LE GRAND DÉPART DE NOTRE AMI MICHEL

    Il s’est embarqué sur l’une de ses jolies maquettes, un terre-neuvier ou  un trois-mâts barque, vers les brumes froides et les mers métalliques du grand banc ou du bonnet flamand.

    Michel était de ceux qui, façonnés par les épreuves, avait à cœur de donner à chacun un peu de joie, aux marins embarqués une fournée spéciale de croissants un dimanche en mer, aux amoureux de vieille marine la reproduction au millimètre de leur propre bateau (merci pour la belle Antoinette et la jolie Marie-Louise), du temps pour ses petits-enfants et tant d’amour pour Michèle et leurs filles.

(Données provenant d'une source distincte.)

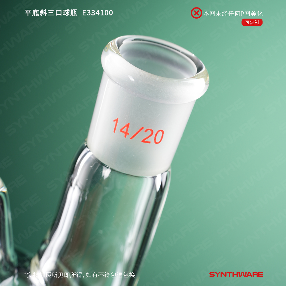 平底斜三口球瓶,厚壁高强度,中间磨口:19/22,侧磨口:14/20,100ml E339100
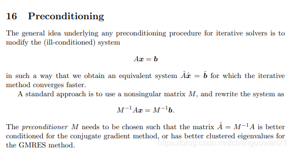 共轭梯度法是一种针对系统矩阵为对称正定矩阵的系统方程求解算法,具体来说就是迭代的求解共轭梯度方向,并求出最佳步长,对于线性方程具有最快的收敛性。具体的实现上,因为具体的系统问题而有不同的预条件方法,如果系统变量为6*6分块,则预条件矩阵也应该是对角的6*6块的逆矩阵,同等情况下,如果仍然执意采用对角线的逆作为预条件则效果较差。...

   Qui pouvait imaginer qu’une carrure aussi formidable et des doigts aussi puissants arrivent à réaliser, avec des bouts de riens récupérés sur d’improbables restes, un casier à homards de la taille d’un dé sans qu’il y manque une anse, un transfilage dans des poulies faites entièrement au couteau et qu’il n’y manque pas une couille de chat ?

    Rencontré à une braderie au Minihic, il nous accompagnait depuis avec Michèle, son épouse, dans les manifestations de l’Association. Sa magnifique collection de maquettes comprenant tous les type de bateau de la Rance de la gabarre, la chippe, le doris, le canot de dix pieds mais aussi des bateaux portugais et espagnols qui tous avaient été construits après un très long et patient travail de recherche, passionnait les visiteurs autant que ses récits de mer. Cette exactitude, cette précision étaient à l’image de son exigence de son éthique personnelle : rien ne doit être entrepris si ce n’est parfaitement fait.          

    Combien de fois n’est-il revenu sur le sujet, un vieux canot pour vérifier un détail, reprendre un plan comme un charpentier de marine pour vérifier une courbe. D’ailleurs quand je lui ai demandé de faire des bateaux de bassin pour les petits enfants il n’a pas pu s’empêcher d’en faire des bijoux dignes des vitrines d’un musée vivant mais je sais qu’il les préférait sur l’eau à lutter comme lui malgré la dureté des éléments et des épreuves.

     Dieu et Michèle savent combien pourtant il a souffert toute sa vie des aventures de mer et des accidents de santé qui ne l’ont jamais quitté mais qui n’ont jamais entamé son enthousiasme et sa bonté.

    Il a quitté le bord après un dernier au revoir à ses filles et ses petits enfants en leur faisant à chacun ses recommandations, a embrassé Michèle et a tracé son cap NNO avec certitude en laissant Cézembre à tribord.

    Il nous attend au-delà des brumes de Terre Neuve dans la vraie lumière.